ACTIVITY
Copy nothing but the lines below, from the one with "東莞市藍僑盈金屬表面處理有限公司2023年報告" through the one with "Detta historiska glas", exactly as written; no pictures should appear.

SOURCE MATERIAL
[Start of section]

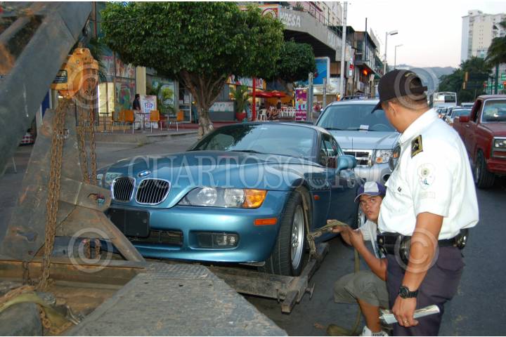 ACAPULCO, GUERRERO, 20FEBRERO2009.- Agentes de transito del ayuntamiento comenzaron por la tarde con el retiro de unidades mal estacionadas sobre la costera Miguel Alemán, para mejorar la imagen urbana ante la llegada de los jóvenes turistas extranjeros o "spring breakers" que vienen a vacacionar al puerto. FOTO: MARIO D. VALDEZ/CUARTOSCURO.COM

[End of section]
[Start of section]

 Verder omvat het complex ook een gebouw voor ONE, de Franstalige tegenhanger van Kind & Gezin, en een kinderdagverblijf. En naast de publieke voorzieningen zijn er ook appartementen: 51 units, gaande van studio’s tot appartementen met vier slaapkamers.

[End of section]
[Start of section]

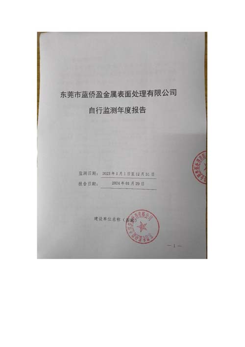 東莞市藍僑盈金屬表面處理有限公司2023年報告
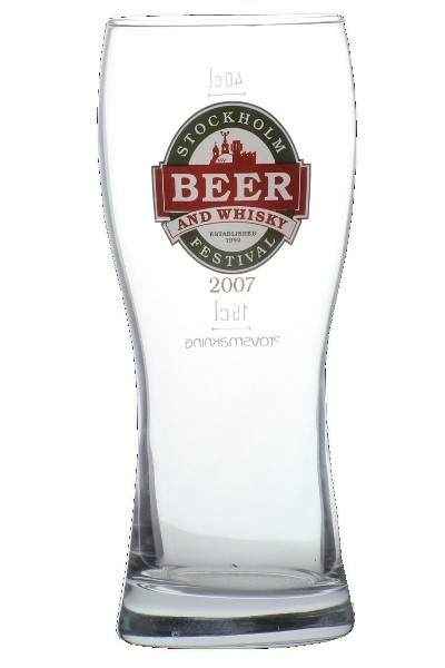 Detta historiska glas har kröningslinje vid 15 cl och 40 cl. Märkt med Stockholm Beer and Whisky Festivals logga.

[End of section]

COMPLETED TASK
 東莞市藍僑盈金屬表面處理有限公司2023年報告
 Detta historiska glas har kröningslinje vid 15 cl och 40 cl. Märkt med Stockholm Beer and Whisky Festivals logga.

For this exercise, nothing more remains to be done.